* _EXERCISE INSTRUCTIONS_: Go through the records below from the first line and print each one exactly, stopping after the line that contains "Рис. 2. Технологічна". Do not print pictures or anything past that line.

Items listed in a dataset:
━━━━━━━━━━
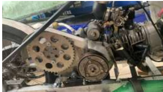
Gambar 1. 3 mesin dari Prototype Vehicle Argopuro

Perbedaannya dengan mesin KMHE 2019 terletak pada perubahan sistem ratio gearbox guna menunjang efisiensi bahan bakar pada mesin. Penjabaran dari tenaga mesin yang dihasilkan setelah melakukan pembakaran dalam sebagai berikut : Tenaga dari crankshaft menuju gear ganda lalu disalurkan ke ratio gearbox setelah itu disalurkan ke doclat (roda). Sistem ini kita pakai guna menunjang efisien bahan bakar pada Vehicle Prototype Argopuro .
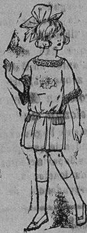
Vestido de sarga, peline inglesa, en azul y colores moda, para niñas de 4 a 9 años. de ptas. 38 a 8

Ropas confeccionadas para Caballero, Señora, Niño y Niña
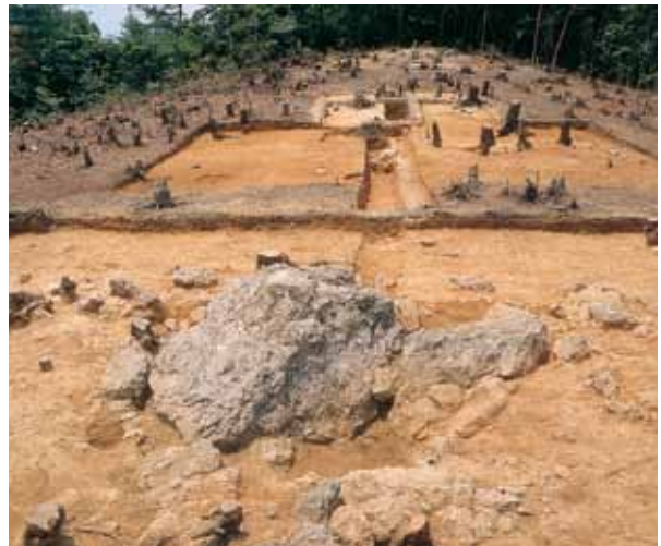
2 梅ヶ畑祭祀遺跡 右京区梅ヶ畑向ノ地町

白鳳時代の創建であるが、長岡京遷都の時に改修されたと見られる回廊跡と掘立柱建物跡を発見した。(西から)
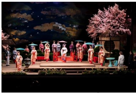
藤原歌劇団『蝶々夫人』より
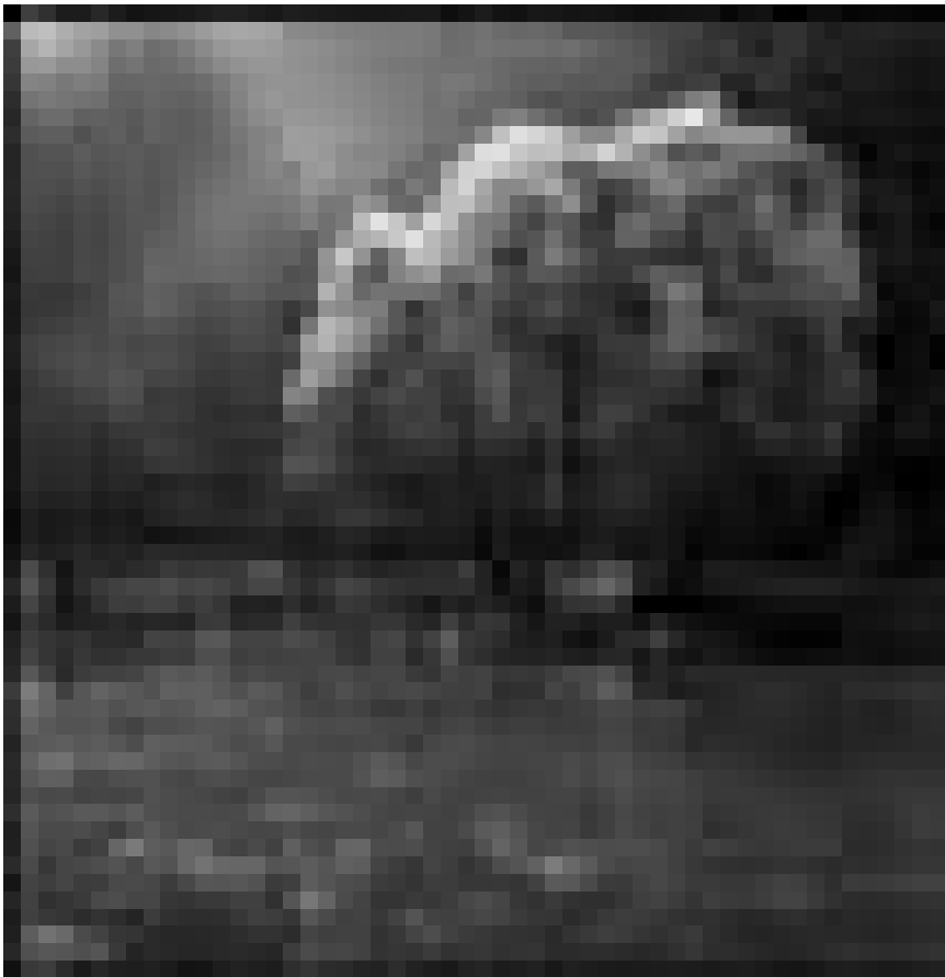
C'est le printemps... aussi dans la Maison de la Culture d'Arlon, qui expose les photographies de Dieudonné Andrien à partir du 2 avril.
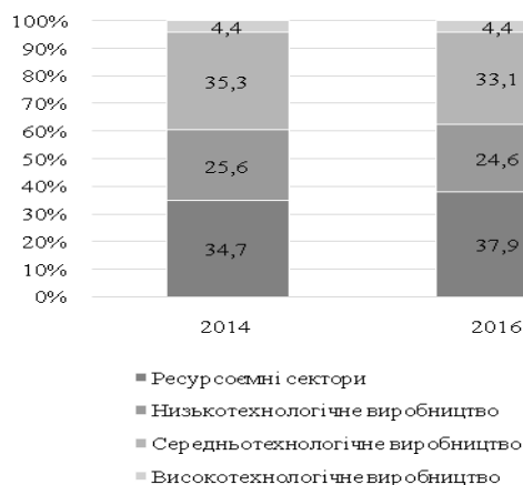
Рис. 2. Технологічна структура переробної промисловості України за Стандартною міжнародною торговельною класифікацією (СМТК) ООН у 2014 і 2016 рр., %

Сформовані передумови не сумісні з розвитком високотехнологічних галузей виробництва, де перманентні інвестиції в інновації є невід'ємним чинником розширеного відтворення. За оцінками ЮНІДО, частка виробництв у структурі переробної промисловості, які належать до високотехнологічних (фармацевтичні препарати і медичне обладнання, парові турбіни, оснащення з генерації електричної енергії, продукція авіакосмічної галузі, телекомунікаційне обладнання, електричне устаткування, комп'ютерна техніка, оптичні прилади тощо), у 2014–2016 рр. в Україні склала 4,4% (рис. 2).
━━━━━━━━━━
* _RESULT BELOW_:
Gambar 1. 3 mesin dari Prototype Vehicle Argopuro

Perbedaannya dengan mesin KMHE 2019 terletak pada perubahan sistem ratio gearbox guna menunjang efisiensi bahan bakar pada mesin. Penjabaran dari tenaga mesin yang dihasilkan setelah melakukan pembakaran dalam sebagai berikut : Tenaga dari crankshaft menuju gear ganda lalu disalurkan ke ratio gearbox setelah itu disalurkan ke doclat (roda). Sistem ini kita pakai guna menunjang efisien bahan bakar pada Vehicle Prototype Argopuro .
Vestido de sarga, peline inglesa, en azul y colores moda, para niñas de 4 a 9 años. de ptas. 38 a 8

Ropas confeccionadas para Caballero, Señora, Niño y Niña
2 梅ヶ畑祭祀遺跡 右京区梅ヶ畑向ノ地町

白鳳時代の創建であるが、長岡京遷都の時に改修されたと見られる回廊跡と掘立柱建物跡を発見した。(西から)
藤原歌劇団『蝶々夫人』より
C'est le printemps... aussi dans la Maison de la Culture d'Arlon, qui expose les photographies de Dieudonné Andrien à partir du 2 avril.
Рис. 2. Технологічна структура переробної промисловості України за Стандартною міжнародною торговельною класифікацією (СМТК) ООН у 2014 і 2016 рр., %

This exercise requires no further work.